**Work item:**
With pictures excluded, copy word for word the lines in the data below from the line containing "gestorben am 16." through the line containing "SULPHUR - Glen".

START Information provided

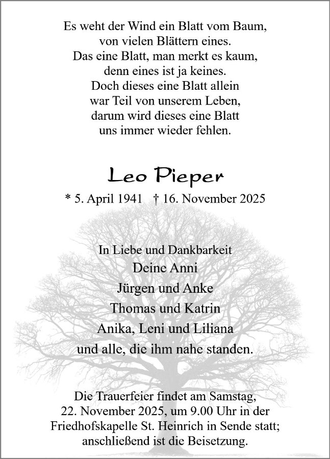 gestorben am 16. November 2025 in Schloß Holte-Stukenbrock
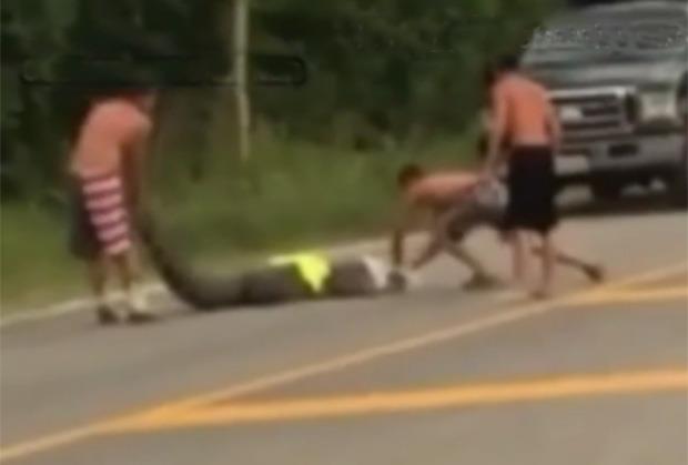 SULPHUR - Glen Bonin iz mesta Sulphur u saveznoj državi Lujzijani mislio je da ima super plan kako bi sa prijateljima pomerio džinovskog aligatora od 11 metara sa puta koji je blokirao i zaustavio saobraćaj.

END Information provided
START Information provided

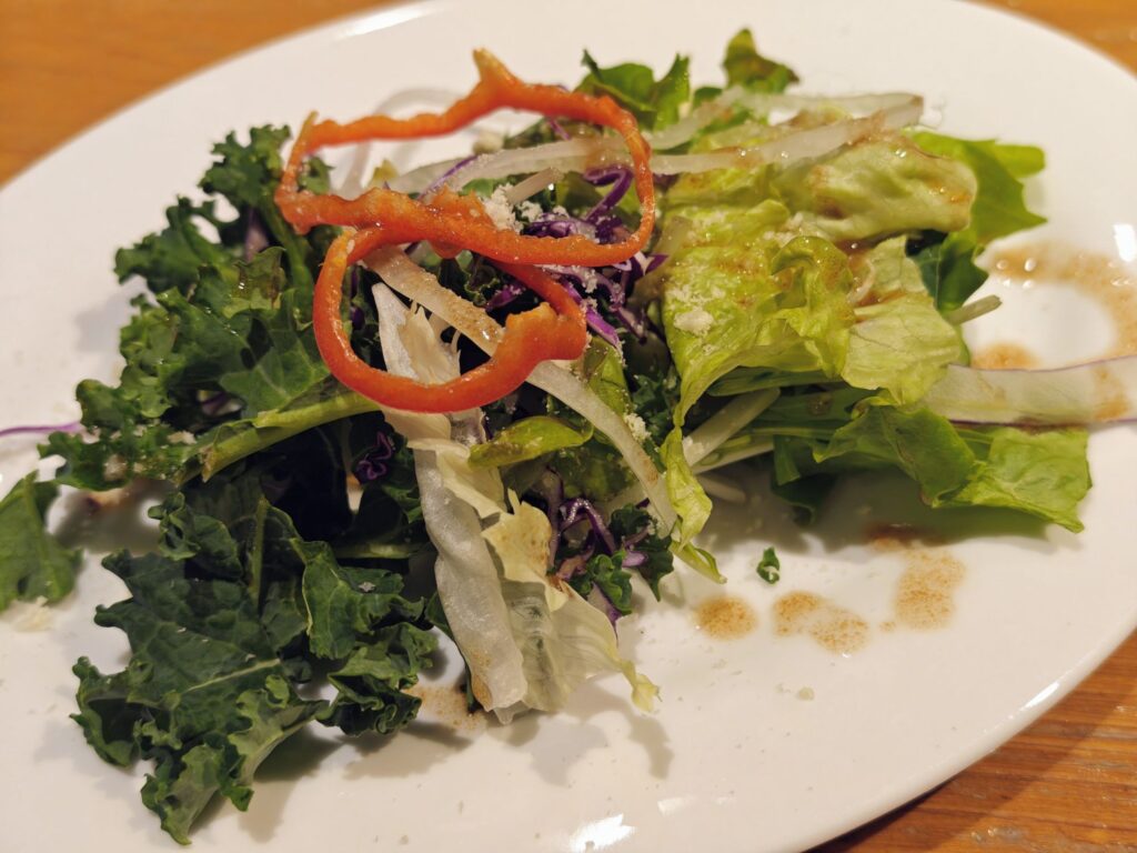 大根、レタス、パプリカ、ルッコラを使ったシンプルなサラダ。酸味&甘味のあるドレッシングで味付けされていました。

END Information provided
START Information provided

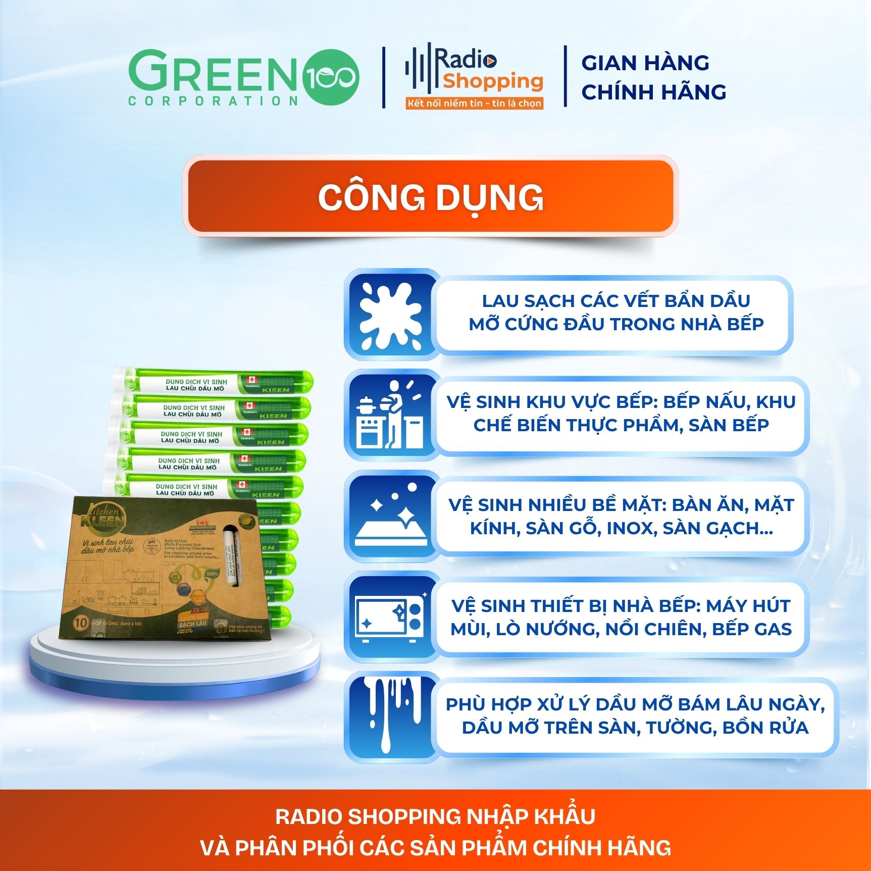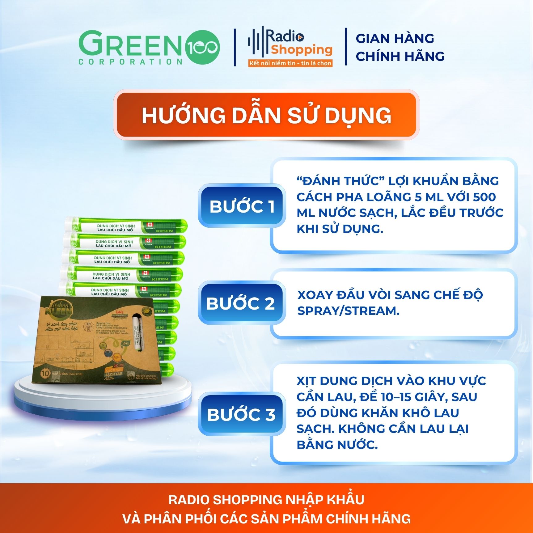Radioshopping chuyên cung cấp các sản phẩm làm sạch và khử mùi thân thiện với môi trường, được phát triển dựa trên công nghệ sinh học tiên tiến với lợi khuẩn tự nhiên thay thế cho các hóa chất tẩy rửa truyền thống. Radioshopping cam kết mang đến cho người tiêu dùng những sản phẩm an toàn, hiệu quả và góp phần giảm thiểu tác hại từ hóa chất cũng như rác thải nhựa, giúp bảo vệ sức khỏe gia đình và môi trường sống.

END Information provided

**Result:**
 gestorben am 16. November 2025 in Schloß Holte-Stukenbrock
 SULPHUR - Glen Bonin iz mesta Sulphur u saveznoj državi Lujzijani mislio je da ima super plan kako bi sa prijateljima pomerio džinovskog aligatora od 11 metara sa puta koji je blokirao i zaustavio saobraćaj.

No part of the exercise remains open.